» Work task
Send back the data below exactly. Drop every picture.

» Data below
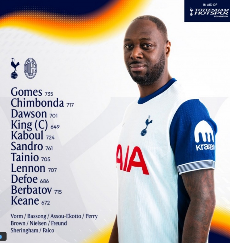 熱刺vs米蘭傳奇賽首發(fā):皮爾洛領(lǐng)銜,貝巴、卡福、安布羅西尼先發(fā)
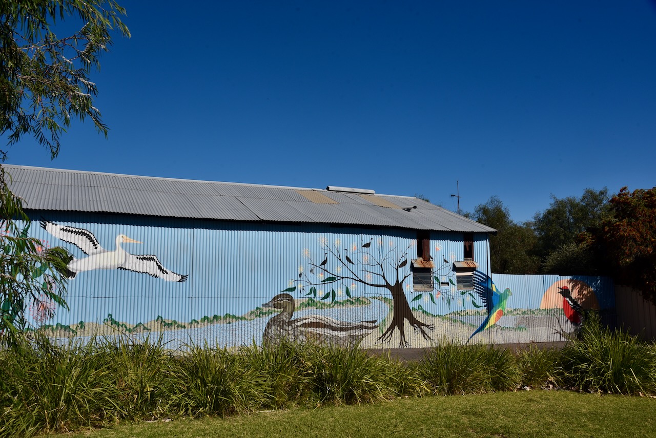 We stopped at Menzies Square on the corner of Roy Street and Dimboola-Rainbow Road. There is an impressive mural painted on the side of a shed which features several local bird species.
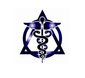 The mark consists of the caduceus, in a black and purple gradient. Behind the symbol, an image of an interlocking triangle and circle, in a black and purple gradient, is placed. Several flares are placed throughout the image, in white.
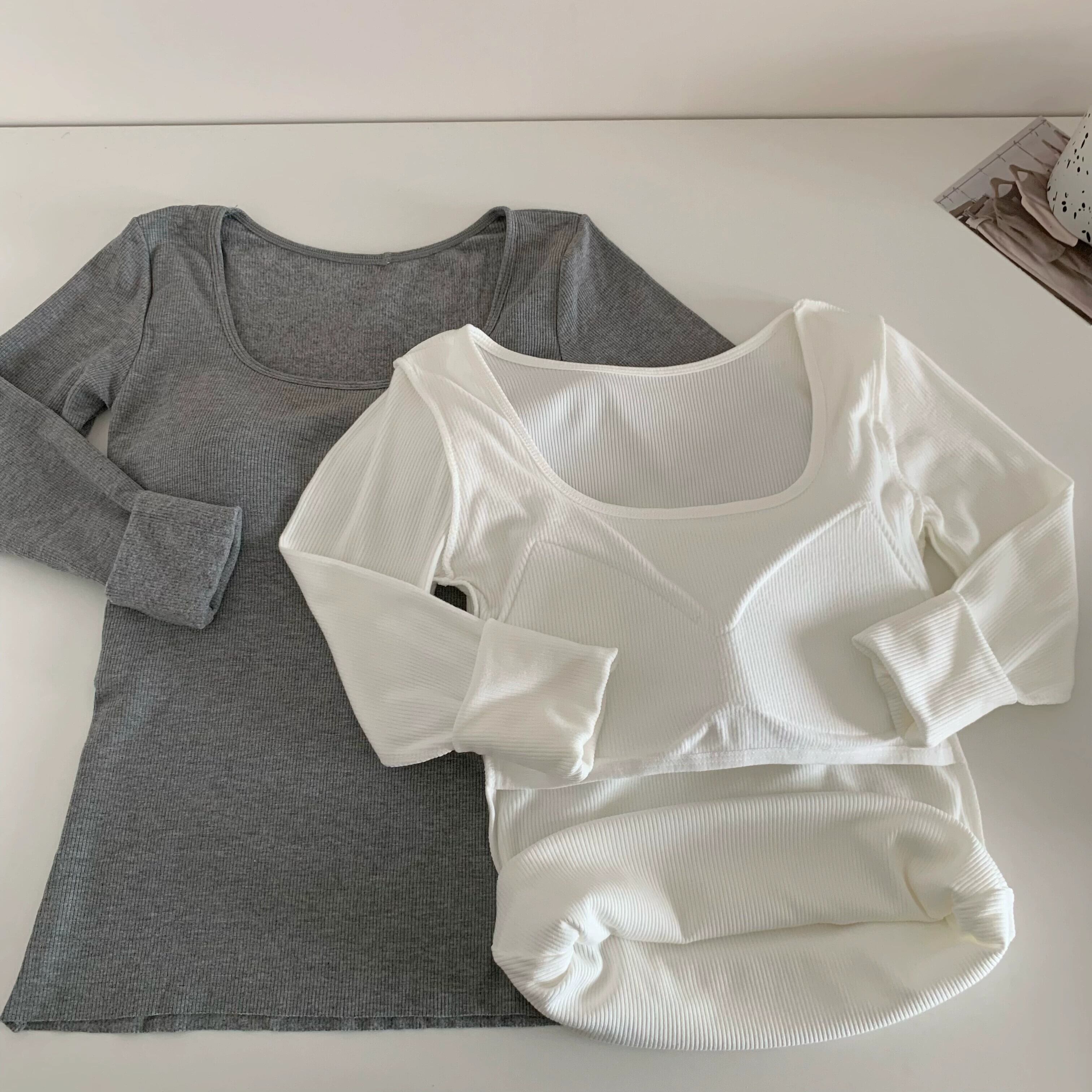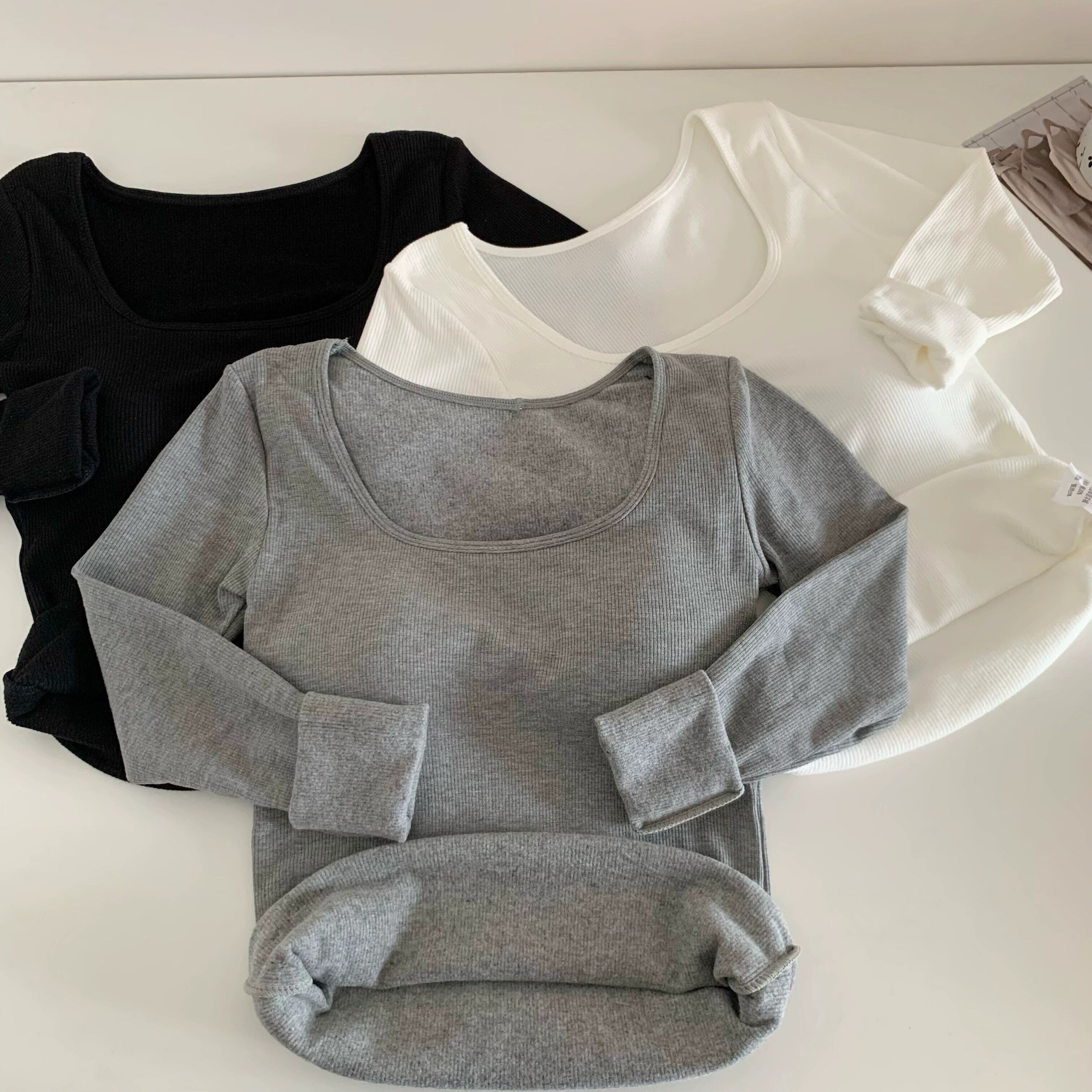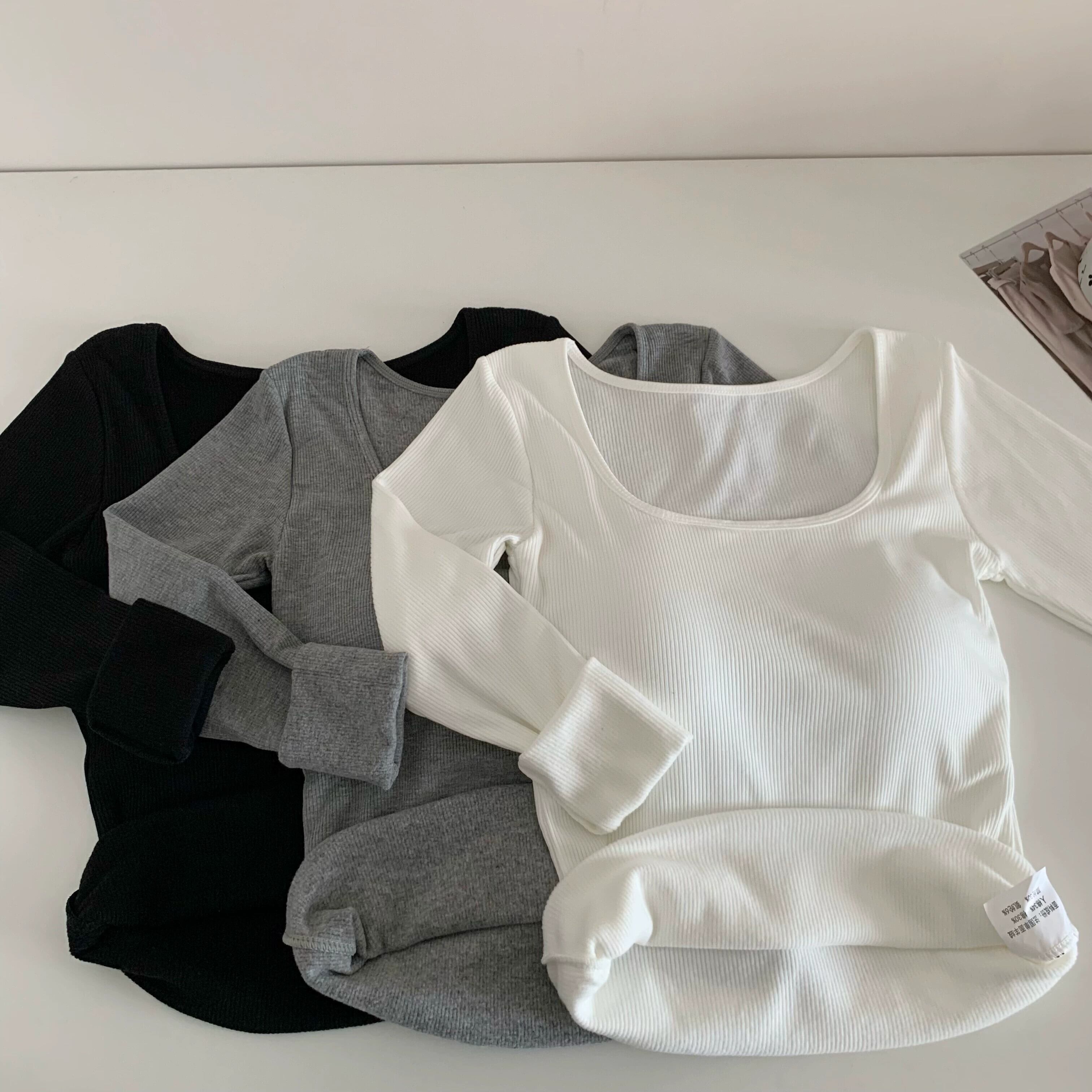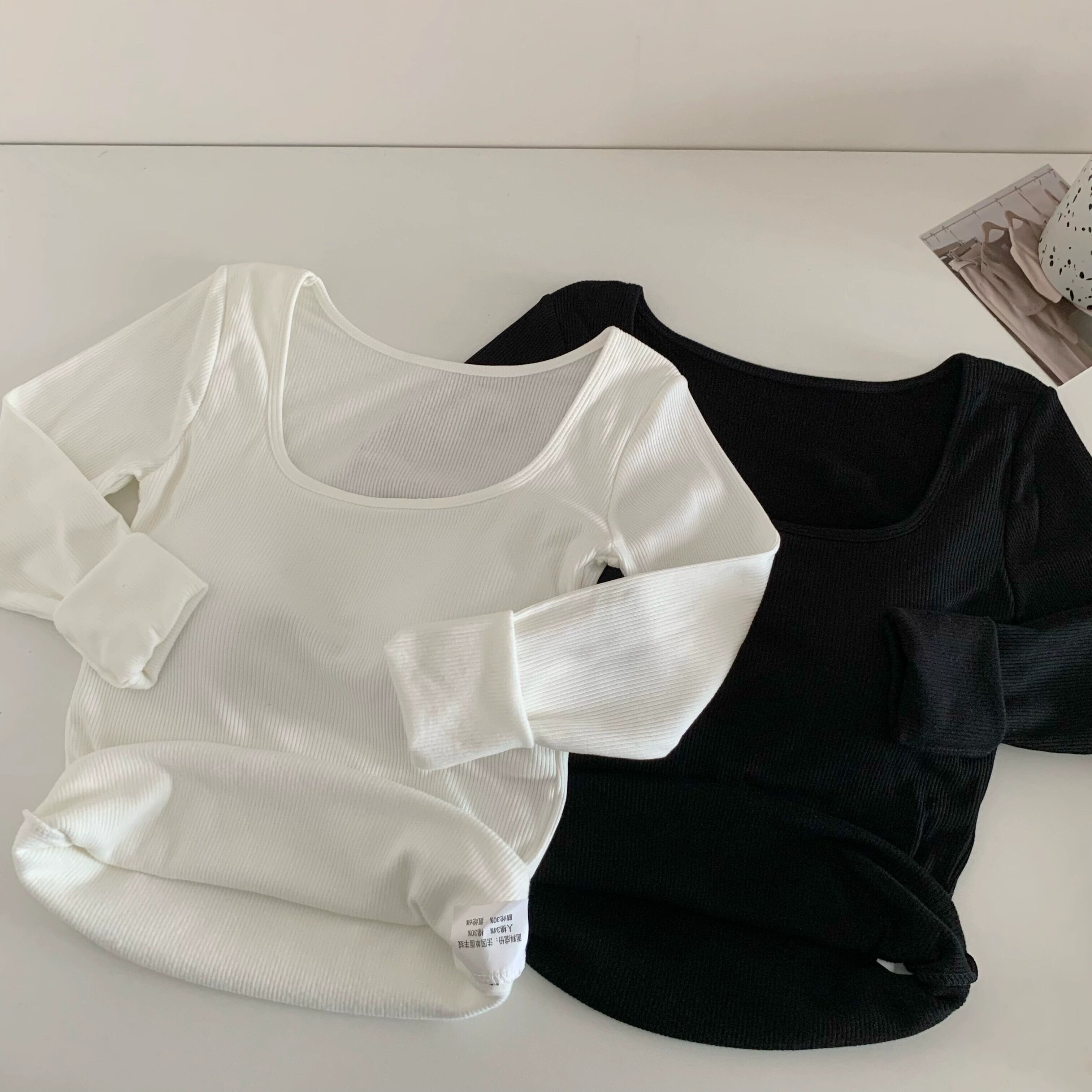 秋冬の厚手のベルベットスクエアネックボトリングシャツレディース、洋風インナー、着やせ、胸パッド付き起毛長袖Tシャツ ロング オータム 秋物 ウィンター 冬物 スクウェア 7460060139628238 | framboise21

» Exercise output
 熱刺vs米蘭傳奇賽首發(fā):皮爾洛領(lǐng)銜,貝巴、卡福、安布羅西尼先發(fā)
 We stopped at Menzies Square on the corner of Roy Street and Dimboola-Rainbow Road. There is an impressive mural painted on the side of a shed which features several local bird species.
 The mark consists of the caduceus, in a black and purple gradient. Behind the symbol, an image of an interlocking triangle and circle, in a black and purple gradient, is placed. Several flares are placed throughout the image, in white.
 秋冬の厚手のベルベットスクエアネックボトリングシャツレディース、洋風インナー、着やせ、胸パッド付き起毛長袖Tシャツ ロング オータム 秋物 ウィンター 冬物 スクウェア 7460060139628238 | framboise21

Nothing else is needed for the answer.